- Education: VCA (1994) Adelaide University
- Occupation: Actor
- Known for: Thunderstone (1999) Kick (2007) Neighbours (2015–2017) La Brea (2021–2024)
- Spouse: Elena Mandalis
- Children: 2

= Damien Fotiou =

Australian actor

Damien Fotiou (Δαμιανός Φωτίου) is an Australian television and film actor of Greek descent.

==Early life==
Fotiou began his acting career at the age of 9, in a stage production of Oliver at the Adelaide Festival Theatre. As a young adult, he studied acting at Victorian College of the Arts, graduating in 1994. He also holds a Bachelor of Arts from Adelaide University.

==Career==
Fotiou began his acting career in 1998 with a guest role in the series Good Guys, Bad Guys. He also had an early role in Ana Kokkinos’ 1998 film Head On, alongside Alex Dimitriades, playing a second generation Greek Australian.

In 1999, he took on the regular role of identical twins Sundance and Sutch in 38 episodes of science fiction series Thunderstone. He appeared in Hollywood adventure comedy film Kangaroo Jack in 2003. He was then a regular in the series Kick in 2007, playing the role of Nico Angelidis.

In late 2014, Fotiou joined the cast of long-running soap opera Neighbours, in the ten-week role of Dr Nick Petrides, brother of Terese Willis (Rebekah Elmaloglou), who falsely told Paul Robinson (Stefan Dennis) that he had leukaemia. He first appeared on screen in 2015 and made his last appearance in 2017. In 2021, he had a recurring role in American science fiction drama series La Brea as Judah.

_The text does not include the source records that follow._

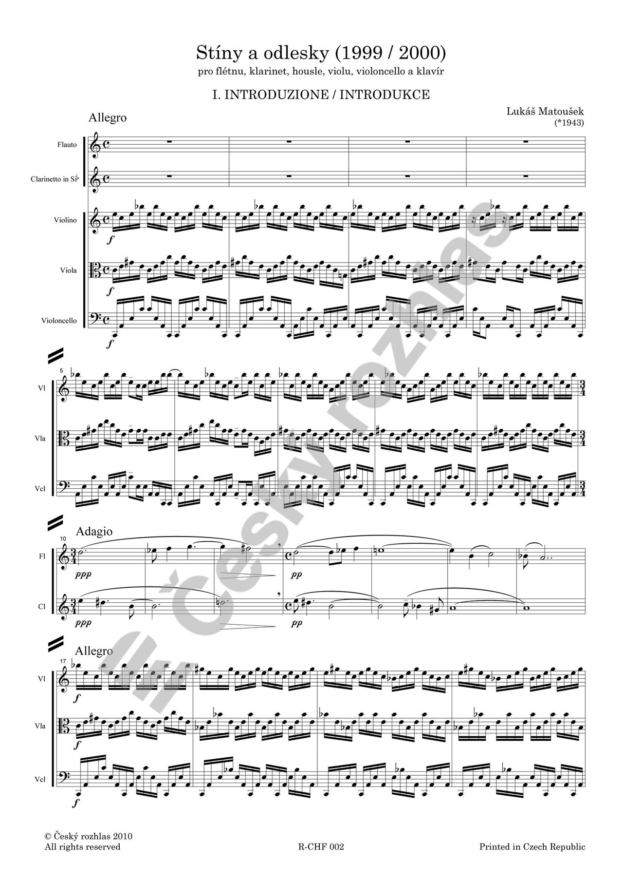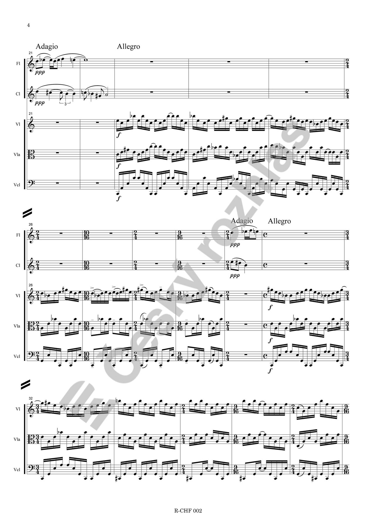obsazení: fl, cl, vno, vla, vcl, pfte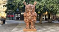 V centru Prahy stojí socha bronzového nosorožce v brnění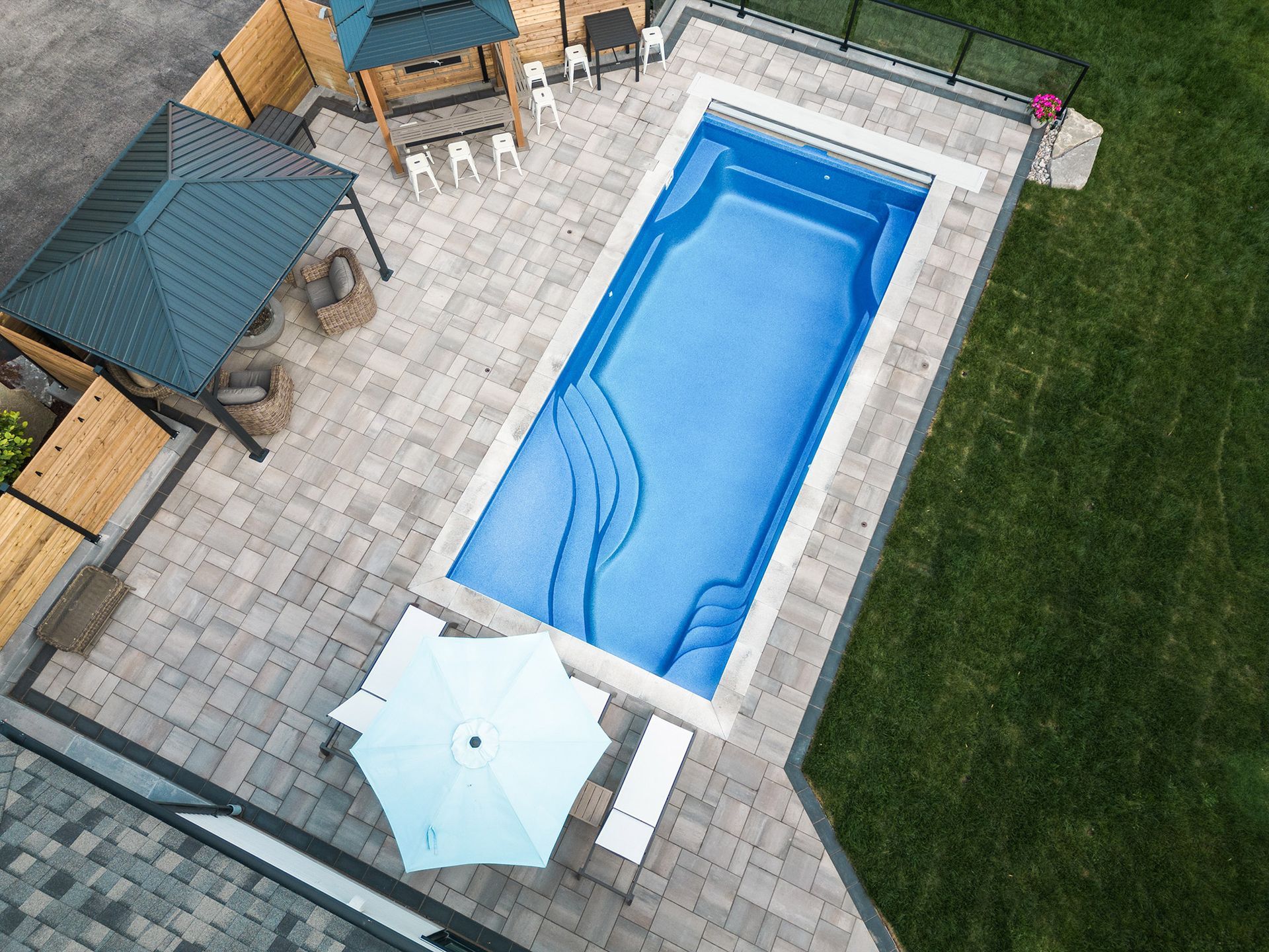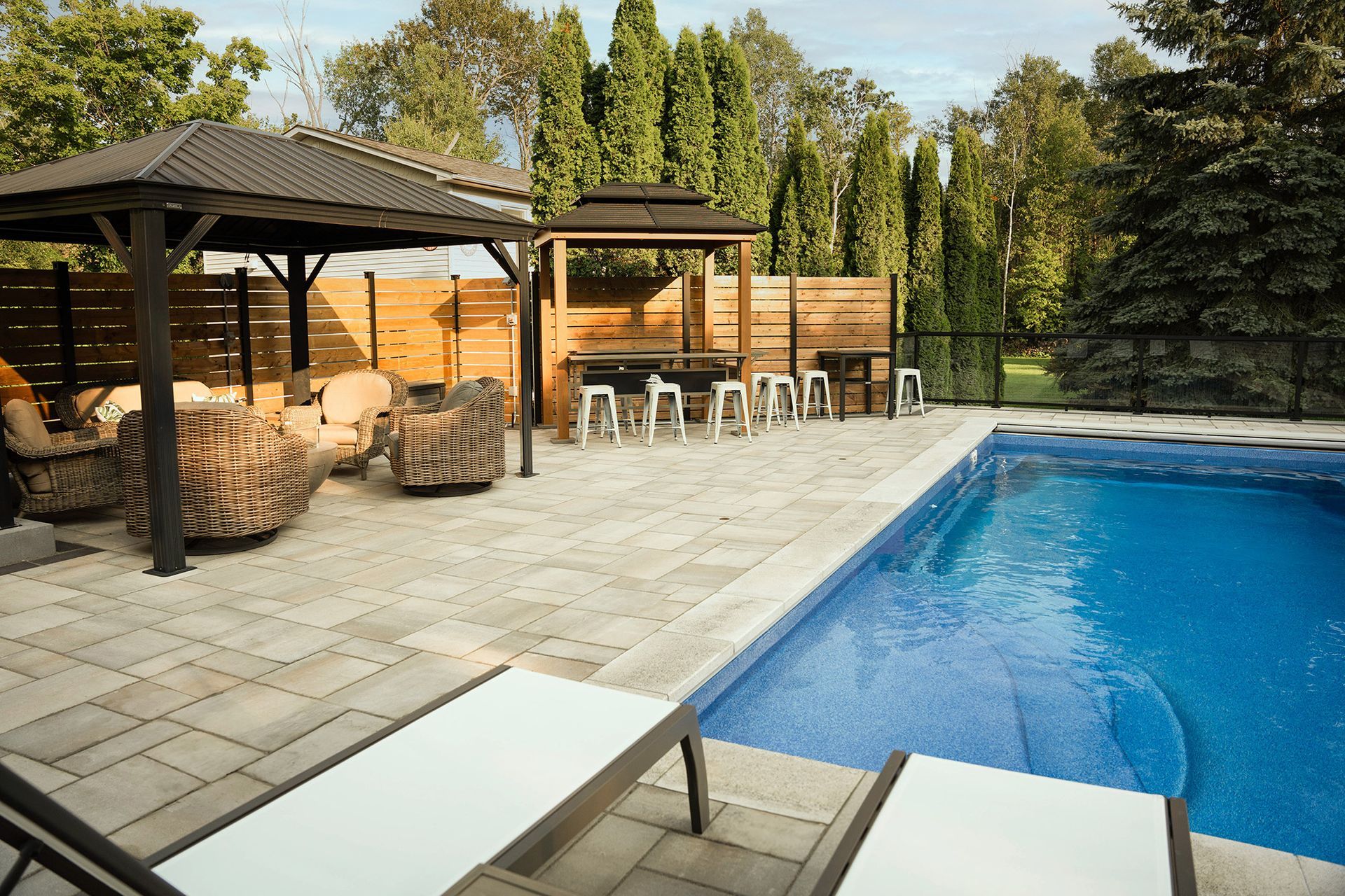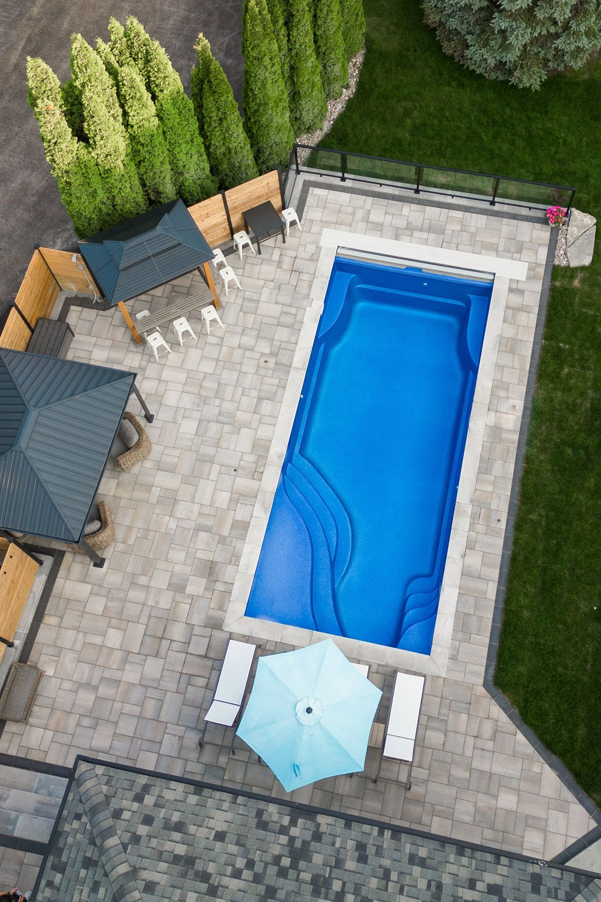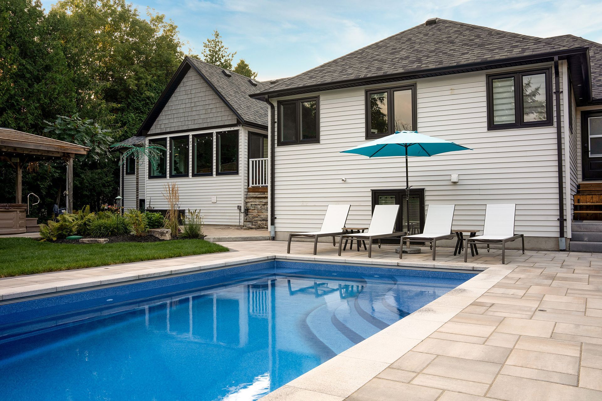 Welcome to this serene countryside retreat, where rustic charm meets modern luxury. Nestled in a large country backyard our installation began with a Latham Inground Fibreglass Pool, seamlessly blending into the natural surroundings. Enhanced with an Automatic Pool Cover, convenience and safety are effortlessly integrated into your pool experience. Adjacent to the pool, a sprawling Unilock Patio invites you to bask in the warmth of the sun or stargaze under the vast night sky. Surrounding the retreat, a thoughtfully designed fence offers both privacy and security, ensuring uninterrupted privacy. Gentle water features trickle and flow, creating a soothing ambiance over the pool. Completing this backyard we installed a Custom Pergola, providing shade and shelter while serving as a focal point for relaxation and gatherings.
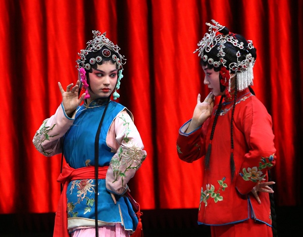 The performers of Yisu Grand Theater first performed an excerpt from the opera Hanging Paintings – a wonderful rendition that won warm applause from the students.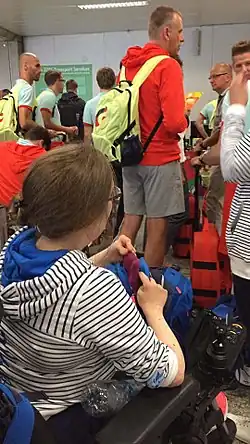Finland's shooter at the Rio airport waiting for accreditation.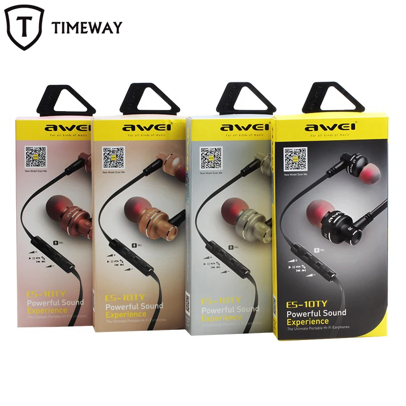 ORIGINAL awei ES-10TY TPE Wire Control Earphone with Mic For iPhone iPad Galaxy Huawei Xiaomi LG HTC and Oth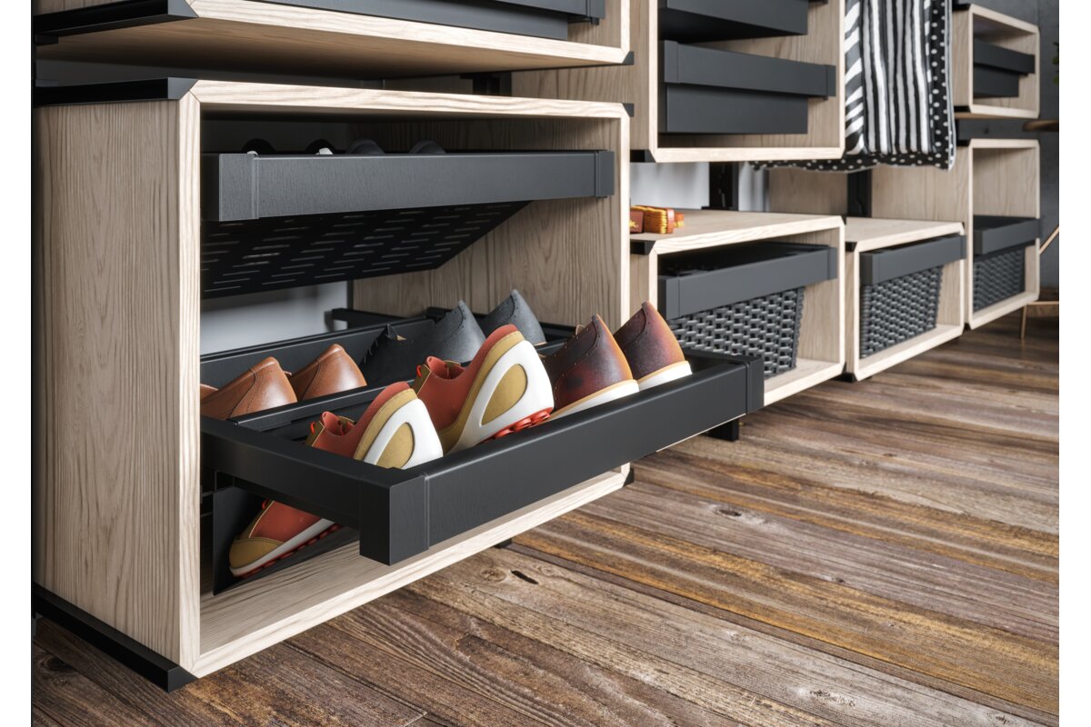 Kovová zásuvka Elite na topánky 700 mm s mäkkým zatváraním, sivý antracit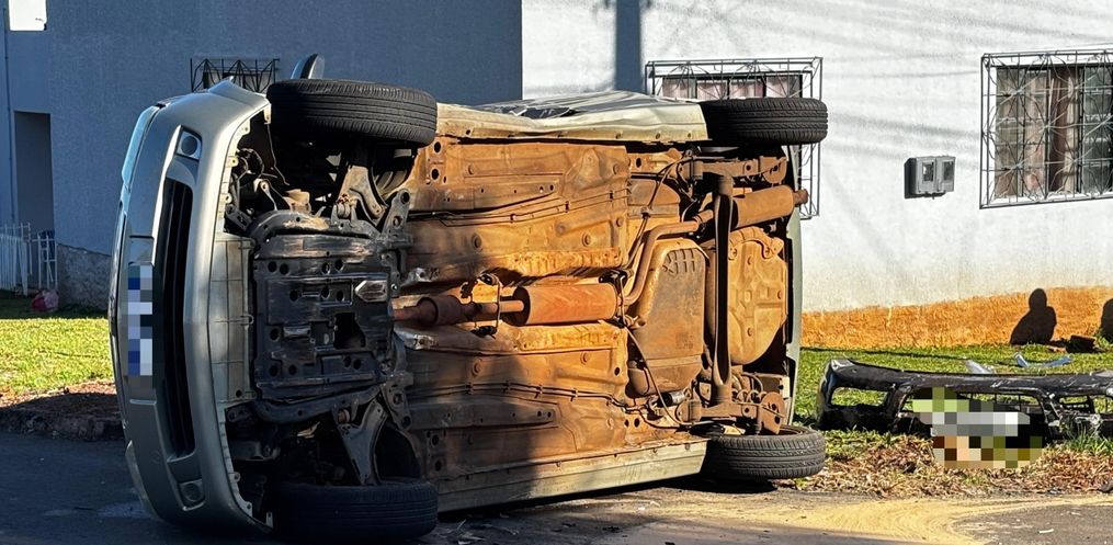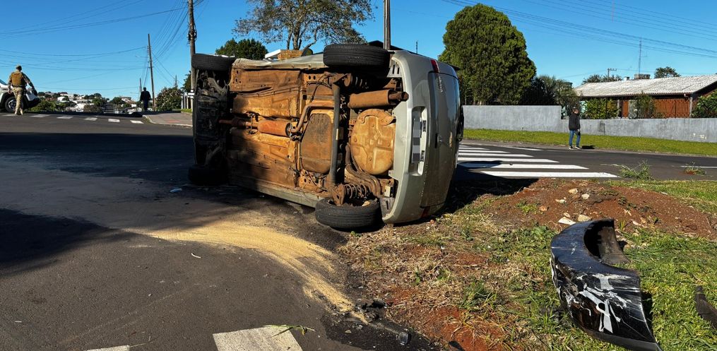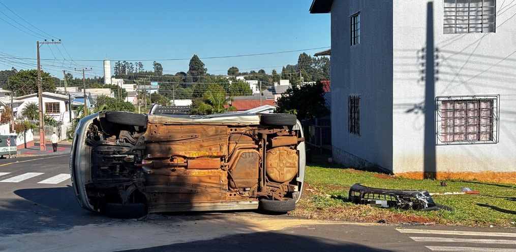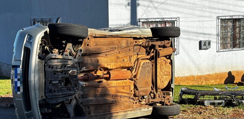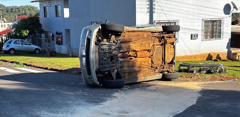 Um veículo tombou após uma colisão por volta das 09h desta segunda-feira, 12, no Bairro São Luiz, em São Miguel do Oeste.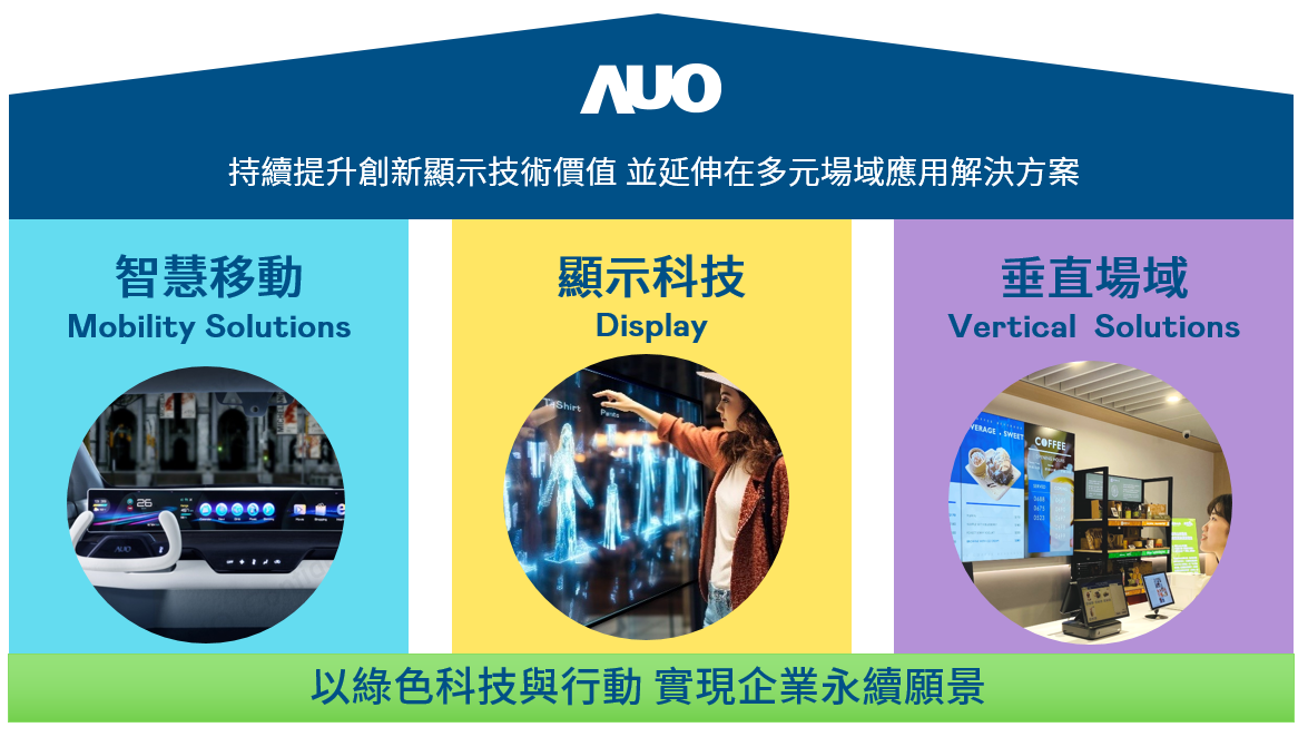 NG28持續推動「雙軸轉型」,在精進顯示技術附加價值(Go Premium),與深化垂直市場應用(Go Vertical)的策略下,對應NG28的優勢競爭力與趨勢,NG28奠定顯示技術、智慧移動、垂直場域三大永續營運支柱,在顯示技術領域的根基之上,延伸布局多元場域應用解決方案。將先進顯示科技助力智慧移動及垂直場域發展,並以綠色科技與行動為實踐,在轉型之路上貫徹永續經營之願景。

Fotiou has made numerous guest appearances in Australian television series including Halifax f.p. and Good Guys, Bad Guys, Stingers, Blue Heelers, The Secret Life of Us, Underbelly and Rush. Later appearances have included Tomorrow When the War Began, Wentworth, Fires and Bay of Fires.

His other film credits include romantic comedy/drama Beware of Greeks Bearing Guns (2000) and arthouse thriller The Book of Revelation (2006).

Fotiou has also worked in radio on ABC Radio National and is a voice over artist.

==Filmography==

Film
| Year | Title | Role | Notes |
| 1998 | Head On | Joe | Feature film |
| 2000 | Fovou tous Ellines aka Beware of Greeks Bearing Guns | Jim | Feature film |
| 2003 | Kangaroo Jack | Baby J | Feature film |
| 2005 | The Extra | 2nd AD | Feature film |
| 2006 | The Book of Revelation | Shopkeeper | Feature film |
| 2013 | Quiz | Cerebrum | Short film |
Television
| Year | Title | Role | Notes |
| 1998 | Good Guys, Bad Guys | Johnny Lubich | 1 episode |
| 1999 | Halifax f.p. | Michael Slevic | 1 episode |
| Thunderstone | Sundance / Sutch | Recurring role |
| 2002 | The Secret Life of Us | Gerard | 1 episode |
| 2003 | The Saddle Club | Antoine | 1 episode |
| 2002–2004 | Blue Heelers | Vinnie Morelli | 3 episodes |
| Stingers | Aggi Carrazza / Dominic Dominelli | 2 episodes |
| 2005 | Scooter: Secret Agent | Harrison | 1 episode |
| 2007 | Kick | Nico Angelidis | Recurring role |
| 2008 | Underbelly | Bill 'Bubba' Kaldas | Season 1, recurring role |
| 2010 | Rush | Zonneveldt | 2 episodes |
| 2015, 2017 | Neighbours | Nick Petrides | Recurring role |
| 2021 | Wentworth | Detective Puzo | 1 episode |
| Fires | Macca | 1 episode |
| 2022 | More Than This | Daniel | 2 episodes |
| 2021–2024 | La Brea | Judah | Recurring role |
| 2025 | Bay of Fires | Domas | 2 episodes (2.1, 2.7) |
| 2026 | Ground Up | George | 2 episodes (1.1, 1.4) |
Stage
| Year | Title | Role | Notes |
| 1984 | Oliver! | Workhouse Boys / Fagin's Gang | Adelaide Festival Centre with Southbrook Group & Cameron Mackintosh |
|  | The Arabian Nights | Prince Kamar | VCA, Melbourne |
|  | The Man of Mode | Mr Dorimant |
|  | The Love of the Nightingale | Chorus/Soldier |
|  | Too Young for Ghosts | Oliver Bourke/Murphy |
|  | Tales from the Vienna Woods | The Captain |

==Personal life==
Fotiou is married to his Head On co-star, Elena Mandalis, with whom he has two sons. The couple run Melbourne drama school, Brave Studios and children's drama school Greentree Acting School in Mebourne's Footscray, a sister school to Brave Studios.